Not Easy To Cook, leur nouvel album, ne vise pas tant la révolution mais plutôt la confirmation. Le groupe consolide ses fondamentaux et poursuit l’exploration tropicale du premier effort en faisant cette fois-ci clairement la part belle aux rythmiques et aux percussions. Plus dense dans la production, plus épais dans le son, et plus fou dans l’âme, ce deuxième album est en quelque sorte une manière pour Cannibale d’affirmer son style et d’assumer sa propre signature musicale.

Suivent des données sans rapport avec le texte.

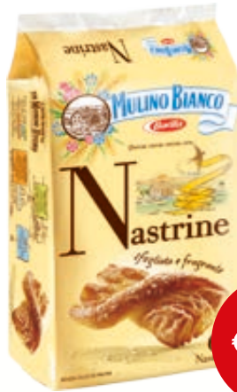
NASTRINE MULINO BIANCO 240G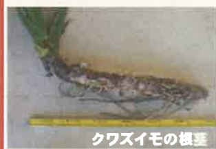
クワズイモの根茎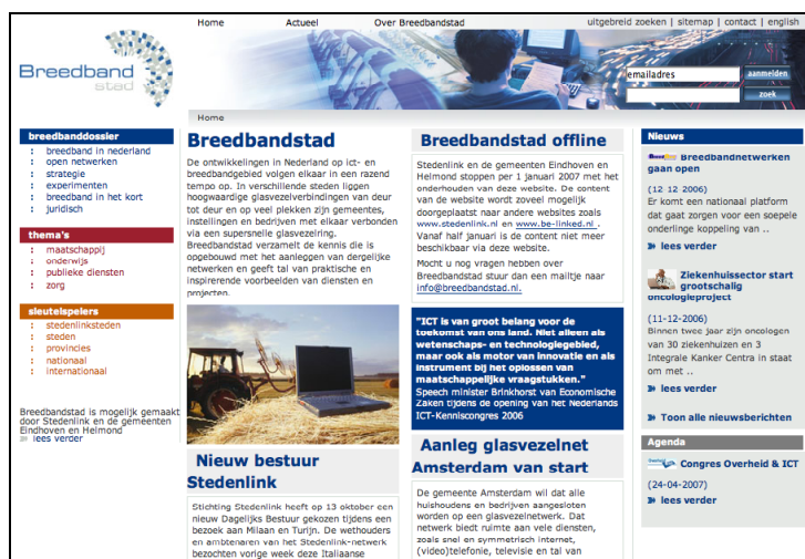
Figure 2. Kennisbank Breedbandstad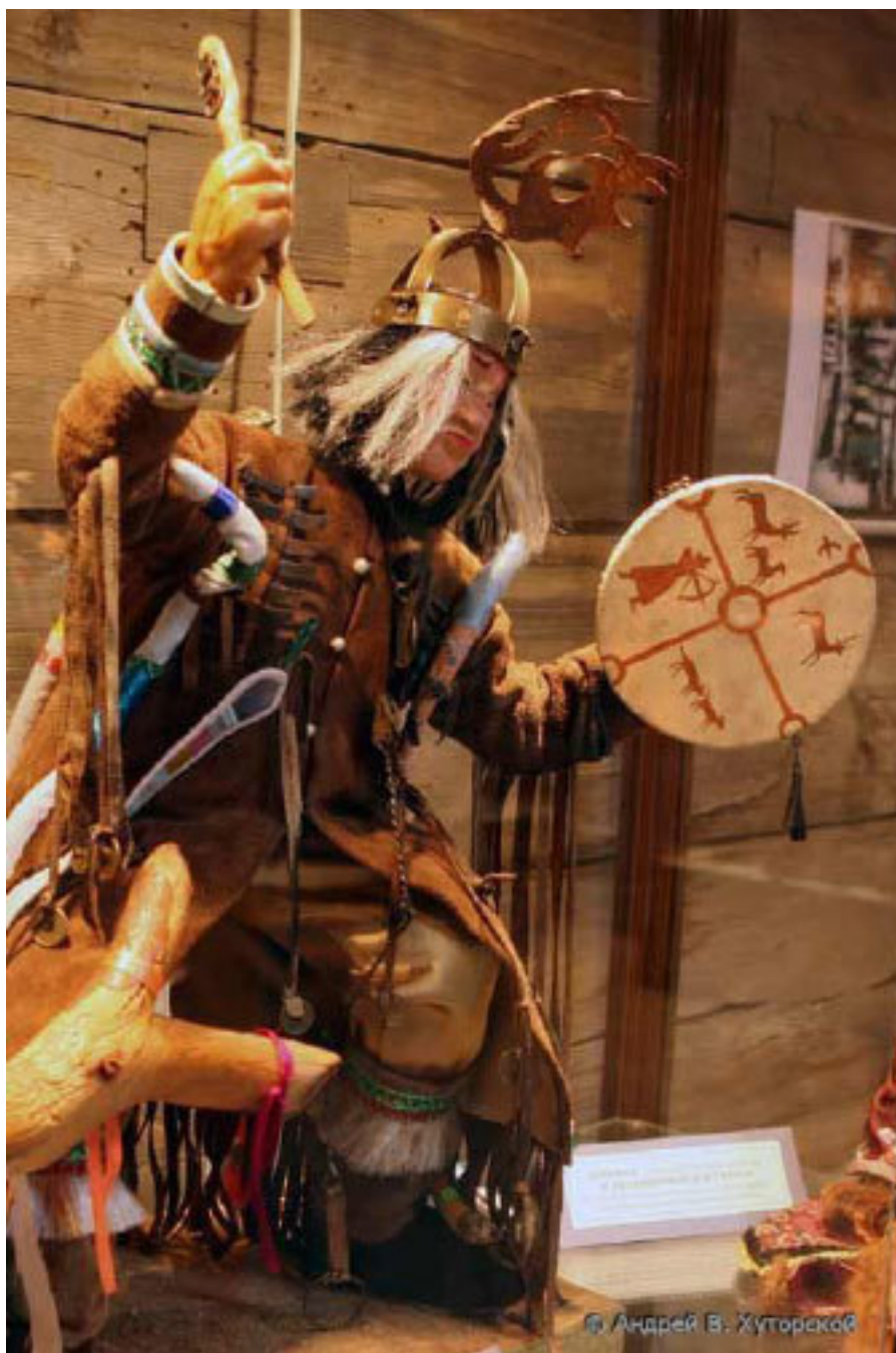
Рис. 3. Шаман

Шаманство , шаманизм – ранняя форма религии у большинства народов, возникшая при первобытнообщинном строе. Основана на вере в общение шамана, находящегося в состоянии ритуального экстаза (камлание), с духами. Формы камлания, представление о духах, степень специализации шаманов различались у отдельных народов. У некоторых народов шаманство пережиточно сохранялось в условиях классового общества. Сложные формы шаманство приобрело у народов Сибири (тувинцы, эвенки, якуты и др.). Камлание сибирских шаманов, одетых в специальные костюмы, сопровождалось ударами в бубен, исступлёнными плясками, гипнозом, разными фокусами, чрево вещанием и представляло собой как бы путешествие в мир духов (иногда на «коне» или «олене», которым считался бубен), борьбу с ними. Профессиональные шаманы были нервными, легко возбудимыми людьми, способные вызвать у себя состояние экстаза и галлюцинации, протекавшее в форме саморегулируемого припадка.

Pour ce groupe originaire d’un petit village de l’Orne en Normandie, il est toujours aussi surprenant de constater à quel point ce sont plutôt les marécages, les palmiers et la moiteur des tropiques qui hantent leur musique. De l’entrainant morceau d’ouverture Frogs à l’afro-beat démoniaque de Siren’s Call, du très cool Ghost au génialissime Pendejo – titre que n’aurait sans doute pas renié La Mano Negra – Cannibale envoie du groove jusqu’à sa dernière goutte de sueur, comme pour ne jamais relâcher l’auditeur. Mais les normands tentent aussi par ci par là quelques sorties de routes plutôt réussies, comme sur le très british et mélancolique Machine Gets Old ou encore le titre Au Revoir et ses influences quasi dub. D’autres pistes semblent – elles – avoir puisé dans un esprit limite cinématographique, à l’image du satanique premier single Do Not Love Me Too Much qui aurait très bien pu figurer comme la bande son d’un film d’horreur d’époque.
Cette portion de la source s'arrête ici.